Why We Prioritize Addressing Climate Change

The Re-evaluation Counseling Community has recognized the challenge presented by the rapid changing of our climate.  Several years ago we adopted a goal to help guide us in our work taking on the challenge presented by this situation. Just recently, we wrote a Draft Policy statement on Care of the Environment.  The situation continues to change rapidly and more and more information is becoming available. Here is our appraisal of the current situation, and the research that supports our appraisal.  We hope that you will find this useful as a resource in leading on these issues.

Diane Shisk and Tim Jackins

Distress recordings are the biggest obstacle to solving all of society’s problems. Therefore, because of what we know as RCers, we can play a pivotal role in solving the problems facing humanity. Climate change is one of the problems.

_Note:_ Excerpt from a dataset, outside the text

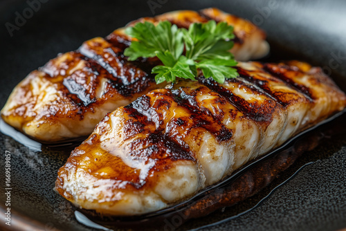 grilled fish, seafood, culinary, epicure, healthy eating, garnished, parsley, savoury, delicious, food, asian cuisine, appetising, black plate, fine dining, home cooking, culinary arts, nourishment
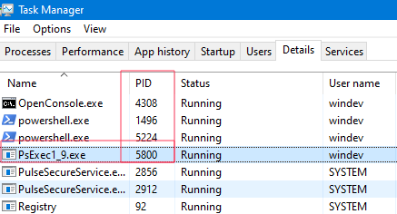What about that 5800 numeric value ? Well, looking at the task manager on the computer where PsExec.exe was launched we will see the following:

Climate change calls for immediate good thinking and effective action. Unless our society can dramatically reduce greenhouse gas (GHG) emissions within the next several years, dangerously destructive global climate change will result. (Climate change is already having a damaging effect on every continent). While other problems facing humanity are extremely harmful, none (other than the possibility of nuclear war*) pose such an immediate and large-scale threat to humans and all other forms of life. For these reasons, we prioritize addressing climate change in our Communities and in the world.

Indigenous people, poor people, and people targeted by racism have been burdened by some of the worst effects of environmental destruction. In fact, climate change impacts all oppressed groups and has become intertwined with their oppression. Ending all oppression is an important part of our work to end the destruction of the environment. And addressing climate change needs to be seen as an important part of each of those struggles. United we can stop and reverse climate change.

Climate Change Is Happening, and There is Irrefutable Evidence that it is Caused by Human Activity

The Earth is warming because of a growing accumulation of GHG emissions that have formed a warming blanket around the Earth. The most dangerous of these emissions is carbon dioxide (CO2), although other emissions and substances (methane, nitrous oxide, and black carbon, among others) are also dangerous and together contribute about 50% of the warming of CO2. (1)(2) Human activity is pumping almost 40 billion tons of CO2 into the atmosphere annually. (3)

Scientific measurements show that the rise in GHG results primarily from burning fossil fuels. Scientists have measured the amount of CO2 in the atmosphere over time by drilling ice cores in Antarctica. This data shows us that the average level of CO2 in the atmosphere for the past 800,000 years has been between 180 and 260 parts per million (ppm) of CO2—reaching a high of 300 ppm in some periods between ice ages. In 1750, at the start of the Industrial Revolution (when humans started using fossil fuels in large quantities), atmospheric CO2 was at 278 ppm. In 2016 it reached 406 ppm. (4) Most human-caused CO2 emissions (80%) result from burning fossil fuels (coal, oil, gas). Since 1988, more than half of global industrial GHGs can be traced to just 25 corporate and state producers of fossil fuels. (5) Other significant sources are industrial agriculture and deforestation (20%). (6) 

The planet has warmed by more than 1° Celsius in this same time period. (7) Half of that temperature increase has occurred in the past 35 years, the fastest rate of temperature increase in recorded history. (16 of the 17 hottest years on record have been since 2001; and 2014, 2015, and 2016 each set a record for the hottest year.) (8)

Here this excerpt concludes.